Clinton’s daughter, Chelsea Clinton, earlier this month claimed that Trump “obsessed” with his former rival. She said, “He talks about her in interviews. He talks about her in rallies. He tweets about her. And I think it’s really clear that he has never gotten over the fact that she won the popular vote by more than 3 million votes.”
While Republican officials have increasingly become more reluctant to criticize the president in the last two years, some are willing to speak out.
In a call with constituents, Sen. Ben Sasse (R-Neb.) blasted Trump for “the way he kisses dictators’ butts. I mean, the way he ignores that the Uighurs are in literal concentration camps in Xinjiang. Right now, he hasn’t lifted a finger on behalf of the Hong-Kongers.”
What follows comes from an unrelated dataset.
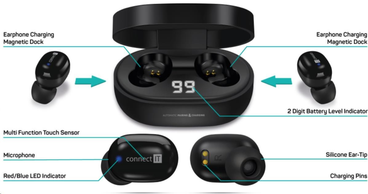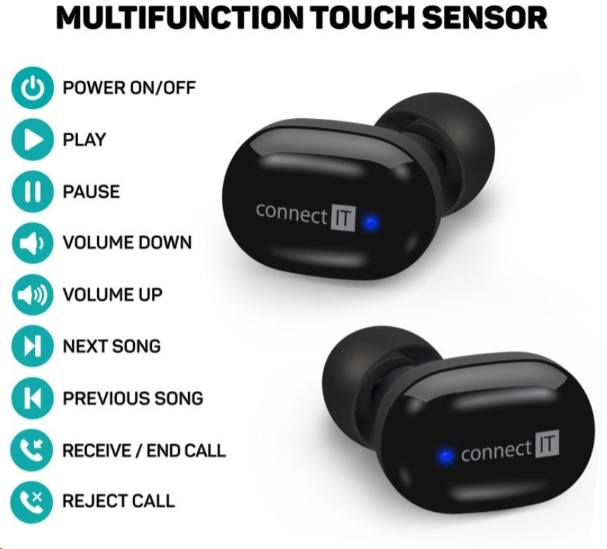 CONNECT IT True Wireless SensorTouch sluchátka do uší s mikrofonem, černá
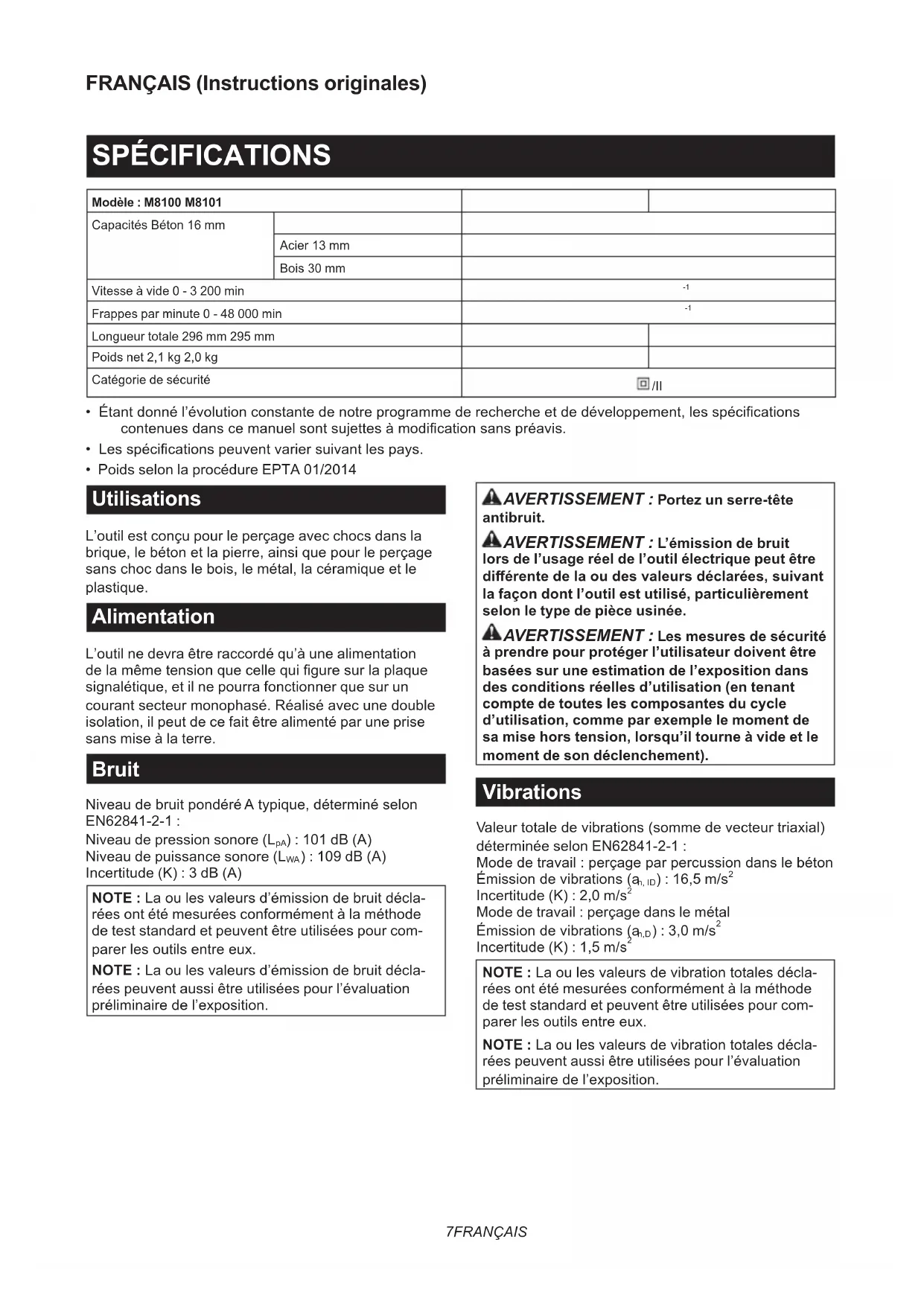 - Poids selon la procédure EPTA 01/2014 Utilisations L’outil est conçu pour le perçage avec chocs dans la brique, le béton et la pierre, ainsi que pour le perçage sans choc dans le bois, le métal, la céramique et le plastique. Alimentation L’outil ne devra être raccordé qu’à une alimentation de la même tension que celle qui gure sur la plaque signalétique, et il ne pourra fonctionner que sur un courant secteur monophasé. Réalisé avec une double isolation, il peut de ce fait être alimenté par une prise sans mise à la terre. Bruit Niveau de bruit pondéré A typique, déterminé selon EN62841-2-1 : Niveau de pression sonore (L

“I mean he and I have a very different foreign policy. It isn’t just that he fails to lead our allies. It’s that the United States now regularly sells out our allies under his leadership, the way he treats women, spends like a drunken sailor. The ways I criticize President Obama for that kind of spending; I’ve criticized President Trump for as well. He mocks evangelicals behind closed doors. His family has treated the presidency like a business opportunity. He’s flirted with white supremacists.”
Throughout his presidency, Trump has an average of 87% support among Republican voters. Still, polls show the president appears to be losing support among seniors, a demographic that was key to his victory in 2016.
Additionally, national polls show Democratic presidential nominee Joe Biden holds an eight-point lead over the president.